● **Data for review**
.....

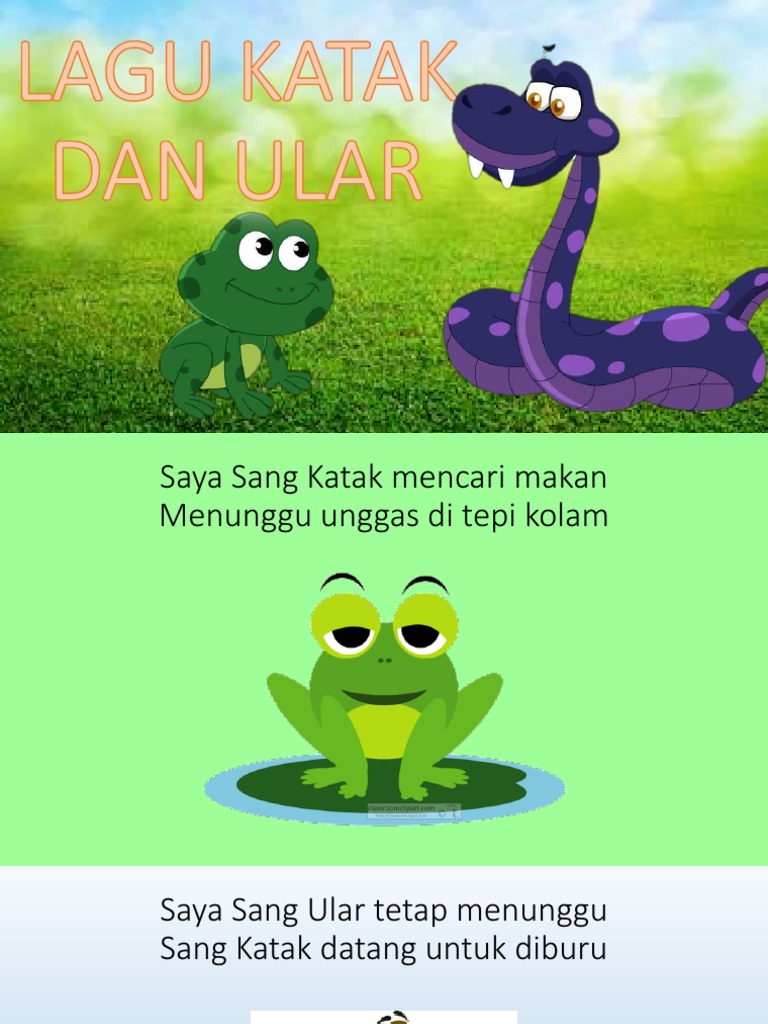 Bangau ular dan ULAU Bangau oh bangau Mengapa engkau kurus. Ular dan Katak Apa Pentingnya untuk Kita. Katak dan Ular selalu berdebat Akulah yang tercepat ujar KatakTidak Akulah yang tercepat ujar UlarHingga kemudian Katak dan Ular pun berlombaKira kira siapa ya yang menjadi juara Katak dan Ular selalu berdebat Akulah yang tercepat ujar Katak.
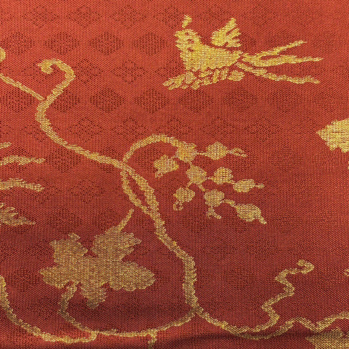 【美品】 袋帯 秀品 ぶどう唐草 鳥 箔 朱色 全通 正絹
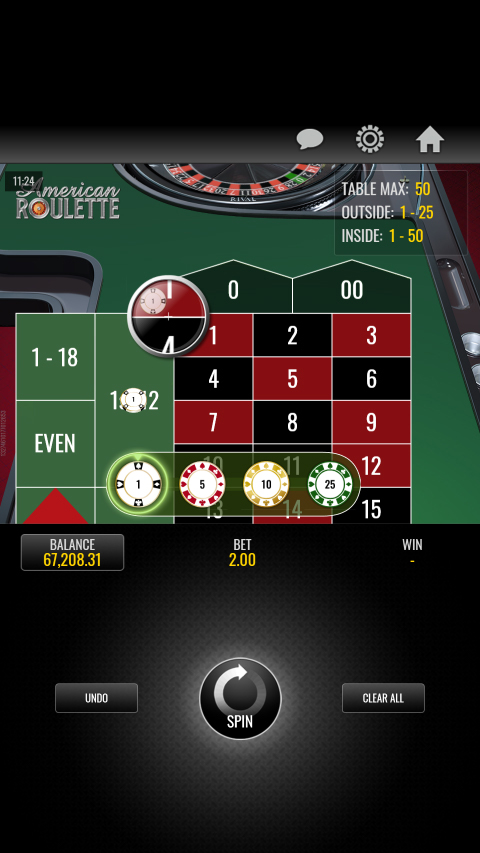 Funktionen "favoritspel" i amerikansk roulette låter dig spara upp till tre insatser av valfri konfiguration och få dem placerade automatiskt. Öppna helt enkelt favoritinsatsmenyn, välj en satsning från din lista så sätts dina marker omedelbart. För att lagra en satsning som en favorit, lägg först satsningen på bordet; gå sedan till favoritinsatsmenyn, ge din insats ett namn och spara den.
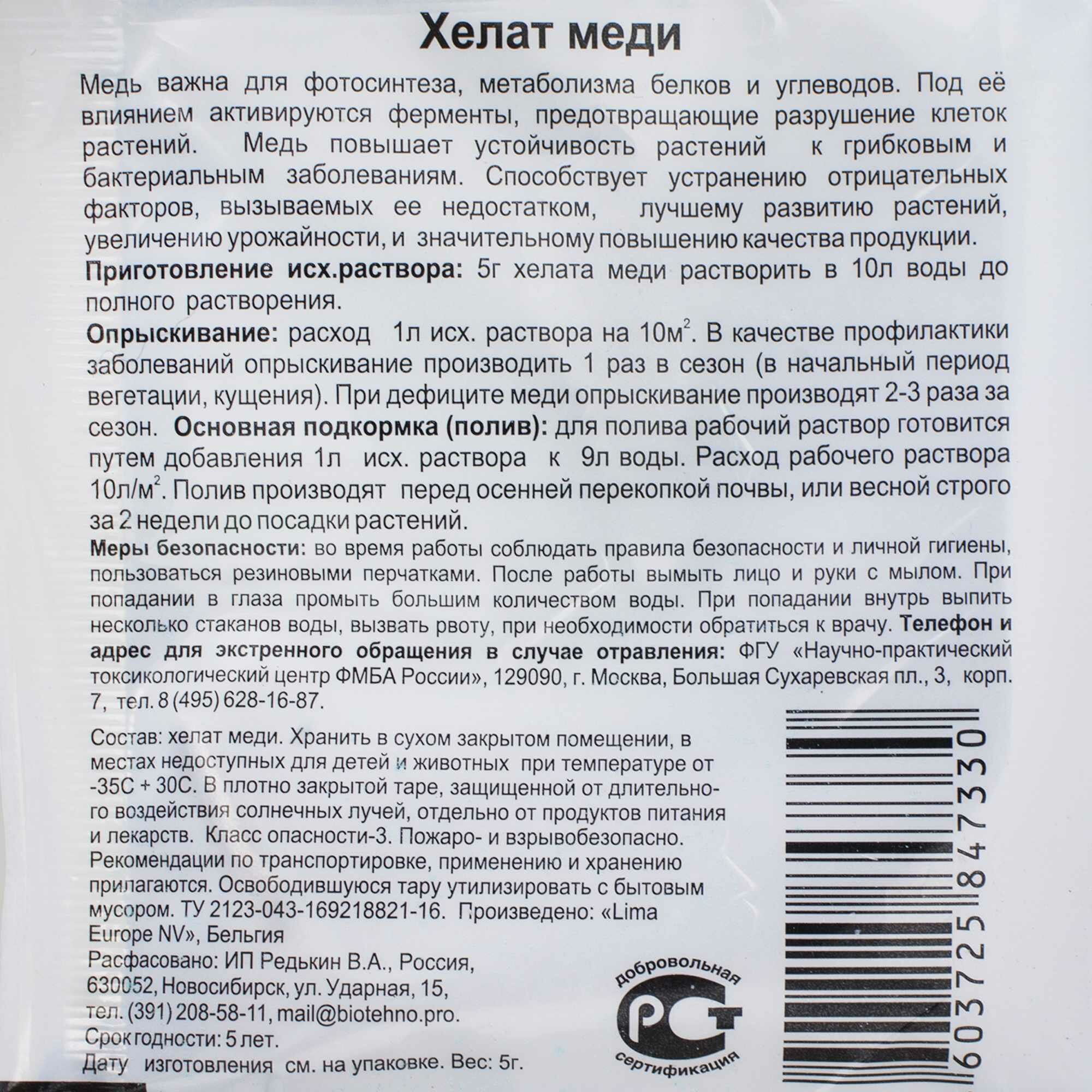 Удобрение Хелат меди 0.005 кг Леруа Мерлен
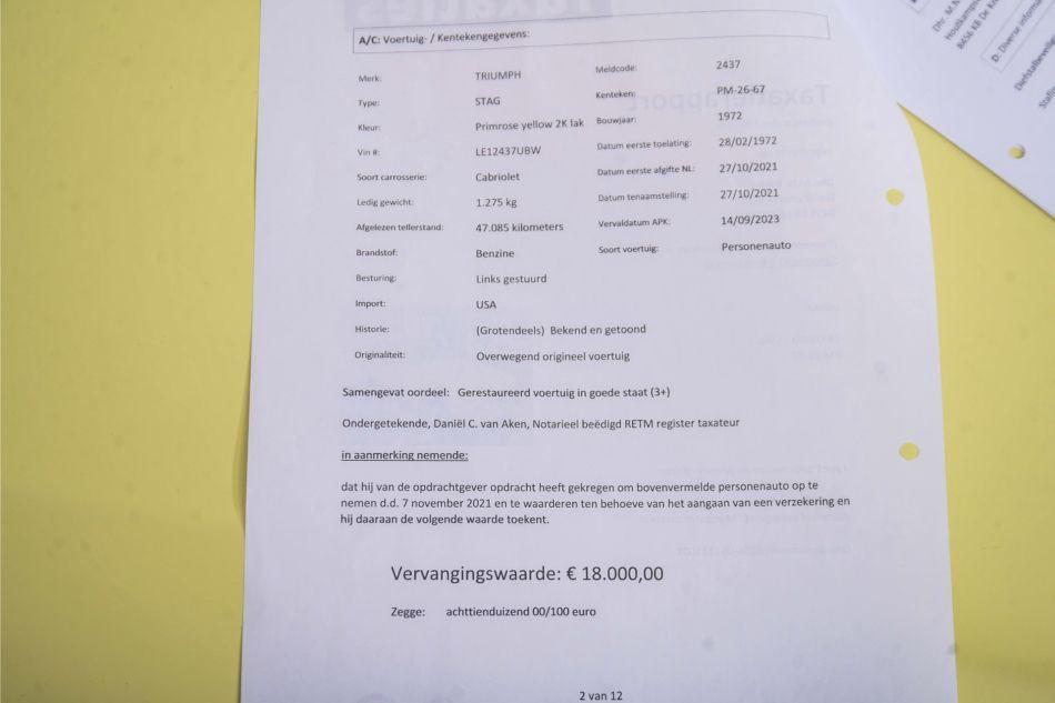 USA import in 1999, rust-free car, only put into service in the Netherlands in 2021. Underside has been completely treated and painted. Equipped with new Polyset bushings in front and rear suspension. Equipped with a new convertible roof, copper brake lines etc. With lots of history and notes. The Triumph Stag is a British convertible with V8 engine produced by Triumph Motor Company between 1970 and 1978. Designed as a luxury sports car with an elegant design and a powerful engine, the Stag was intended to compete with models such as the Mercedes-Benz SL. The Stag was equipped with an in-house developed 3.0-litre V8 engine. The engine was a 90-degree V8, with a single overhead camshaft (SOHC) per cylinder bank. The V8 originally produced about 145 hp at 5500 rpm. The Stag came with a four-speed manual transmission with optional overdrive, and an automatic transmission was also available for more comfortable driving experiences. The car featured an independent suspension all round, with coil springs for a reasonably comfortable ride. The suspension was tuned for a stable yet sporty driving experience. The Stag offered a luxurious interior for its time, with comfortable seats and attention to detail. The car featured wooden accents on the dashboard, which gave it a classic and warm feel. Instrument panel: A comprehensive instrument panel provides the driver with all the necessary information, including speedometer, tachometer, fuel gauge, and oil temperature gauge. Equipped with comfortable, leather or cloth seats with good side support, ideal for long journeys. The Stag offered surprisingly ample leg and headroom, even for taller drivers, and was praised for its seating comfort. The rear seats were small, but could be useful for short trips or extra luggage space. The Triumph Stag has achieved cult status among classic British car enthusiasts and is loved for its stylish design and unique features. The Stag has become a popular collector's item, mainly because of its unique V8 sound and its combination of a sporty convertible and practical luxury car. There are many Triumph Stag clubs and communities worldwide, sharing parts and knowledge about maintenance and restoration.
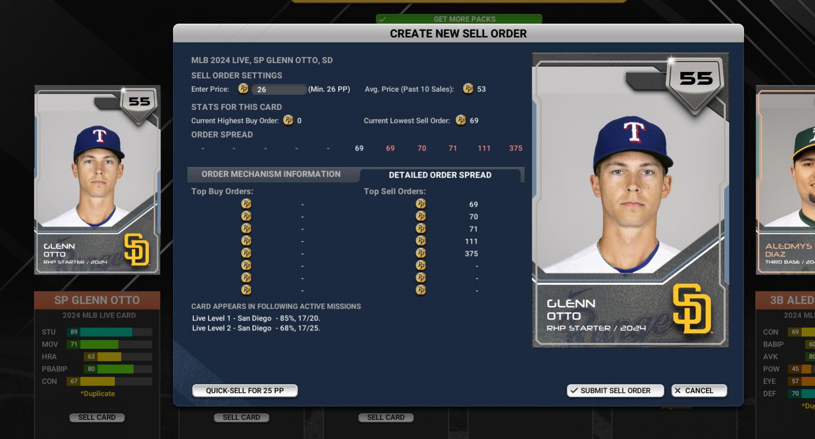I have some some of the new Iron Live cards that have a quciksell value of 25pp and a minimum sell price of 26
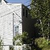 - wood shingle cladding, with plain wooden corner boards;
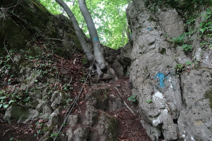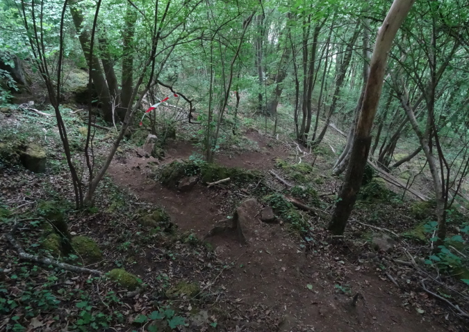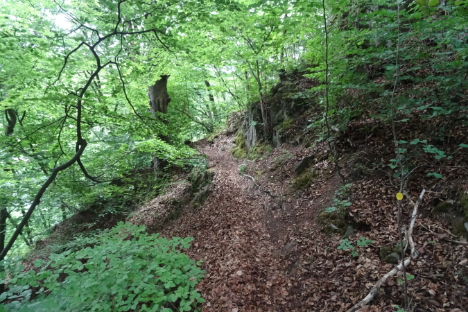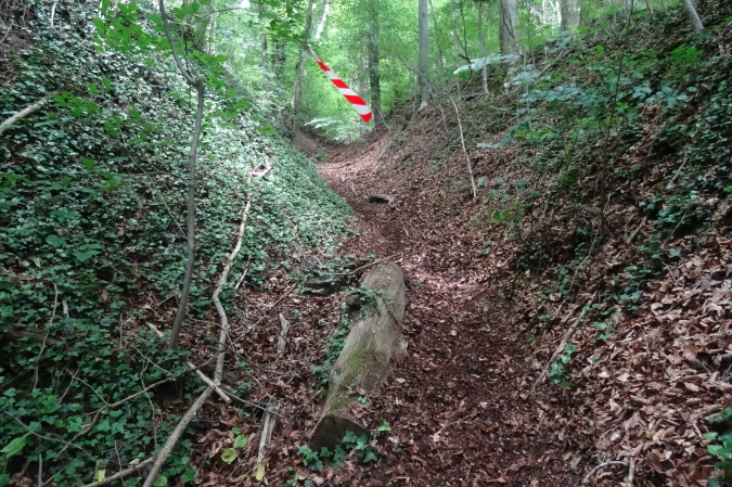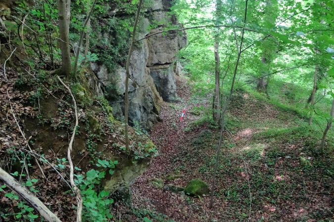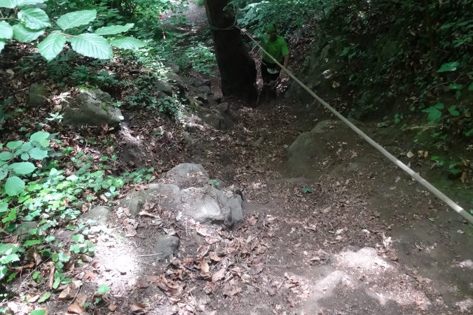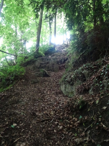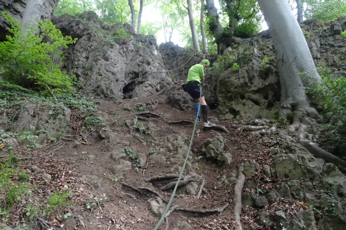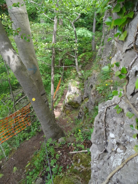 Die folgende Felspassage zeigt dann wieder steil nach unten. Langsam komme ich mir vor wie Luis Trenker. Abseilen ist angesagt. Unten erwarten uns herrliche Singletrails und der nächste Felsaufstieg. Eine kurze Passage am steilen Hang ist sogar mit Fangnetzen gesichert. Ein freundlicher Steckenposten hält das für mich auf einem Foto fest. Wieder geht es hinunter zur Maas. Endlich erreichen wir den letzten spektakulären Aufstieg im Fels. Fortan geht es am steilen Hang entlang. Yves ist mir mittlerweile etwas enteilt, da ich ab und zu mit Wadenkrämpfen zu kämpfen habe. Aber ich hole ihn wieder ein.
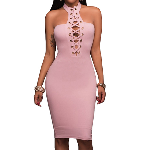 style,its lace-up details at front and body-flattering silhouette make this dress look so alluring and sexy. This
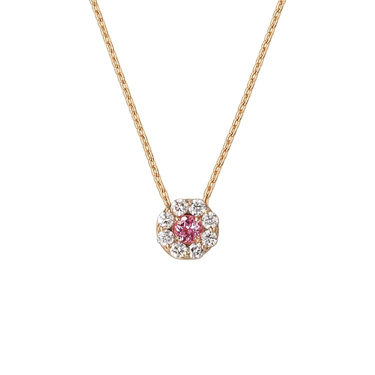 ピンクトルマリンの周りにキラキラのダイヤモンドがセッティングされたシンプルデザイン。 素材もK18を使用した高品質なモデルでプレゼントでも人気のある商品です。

.....

● **Work instruction**
For each record, return its text exactly and leave any picture out.

● **Response**
 Bangau ular dan ULAU Bangau oh bangau Mengapa engkau kurus. Ular dan Katak Apa Pentingnya untuk Kita. Katak dan Ular selalu berdebat Akulah yang tercepat ujar KatakTidak Akulah yang tercepat ujar UlarHingga kemudian Katak dan Ular pun berlombaKira kira siapa ya yang menjadi juara Katak dan Ular selalu berdebat Akulah yang tercepat ujar Katak.
 【美品】 袋帯 秀品 ぶどう唐草 鳥 箔 朱色 全通 正絹
 Funktionen "favoritspel" i amerikansk roulette låter dig spara upp till tre insatser av valfri konfiguration och få dem placerade automatiskt. Öppna helt enkelt favoritinsatsmenyn, välj en satsning från din lista så sätts dina marker omedelbart. För att lagra en satsning som en favorit, lägg först satsningen på bordet; gå sedan till favoritinsatsmenyn, ge din insats ett namn och spara den.
 Удобрение Хелат меди 0.005 кг Леруа Мерлен
 USA import in 1999, rust-free car, only put into service in the Netherlands in 2021. Underside has been completely treated and painted. Equipped with new Polyset bushings in front and rear suspension. Equipped with a new convertible roof, copper brake lines etc. With lots of history and notes. The Triumph Stag is a British convertible with V8 engine produced by Triumph Motor Company between 1970 and 1978. Designed as a luxury sports car with an elegant design and a powerful engine, the Stag was intended to compete with models such as the Mercedes-Benz SL. The Stag was equipped with an in-house developed 3.0-litre V8 engine. The engine was a 90-degree V8, with a single overhead camshaft (SOHC) per cylinder bank. The V8 originally produced about 145 hp at 5500 rpm. The Stag came with a four-speed manual transmission with optional overdrive, and an automatic transmission was also available for more comfortable driving experiences. The car featured an independent suspension all round, with coil springs for a reasonably comfortable ride. The suspension was tuned for a stable yet sporty driving experience. The Stag offered a luxurious interior for its time, with comfortable seats and attention to detail. The car featured wooden accents on the dashboard, which gave it a classic and warm feel. Instrument panel: A comprehensive instrument panel provides the driver with all the necessary information, including speedometer, tachometer, fuel gauge, and oil temperature gauge. Equipped with comfortable, leather or cloth seats with good side support, ideal for long journeys. The Stag offered surprisingly ample leg and headroom, even for taller drivers, and was praised for its seating comfort. The rear seats were small, but could be useful for short trips or extra luggage space. The Triumph Stag has achieved cult status among classic British car enthusiasts and is loved for its stylish design and unique features. The Stag has become a popular collector's item, mainly because of its unique V8 sound and its combination of a sporty convertible and practical luxury car. There are many Triumph Stag clubs and communities worldwide, sharing parts and knowledge about maintenance and restoration.
I have some some of the new Iron Live cards that have a quciksell value of 25pp and a minimum sell price of 26
 - wood shingle cladding, with plain wooden corner boards;
 Die folgende Felspassage zeigt dann wieder steil nach unten. Langsam komme ich mir vor wie Luis Trenker. Abseilen ist angesagt. Unten erwarten uns herrliche Singletrails und der nächste Felsaufstieg. Eine kurze Passage am steilen Hang ist sogar mit Fangnetzen gesichert. Ein freundlicher Steckenposten hält das für mich auf einem Foto fest. Wieder geht es hinunter zur Maas. Endlich erreichen wir den letzten spektakulären Aufstieg im Fels. Fortan geht es am steilen Hang entlang. Yves ist mir mittlerweile etwas enteilt, da ich ab und zu mit Wadenkrämpfen zu kämpfen habe. Aber ich hole ihn wieder ein.
 style,its lace-up details at front and body-flattering silhouette make this dress look so alluring and sexy. This
 ピンクトルマリンの周りにキラキラのダイヤモンドがセッティングされたシンプルデザイン。 素材もK18を使用した高品質なモデルでプレゼントでも人気のある商品です。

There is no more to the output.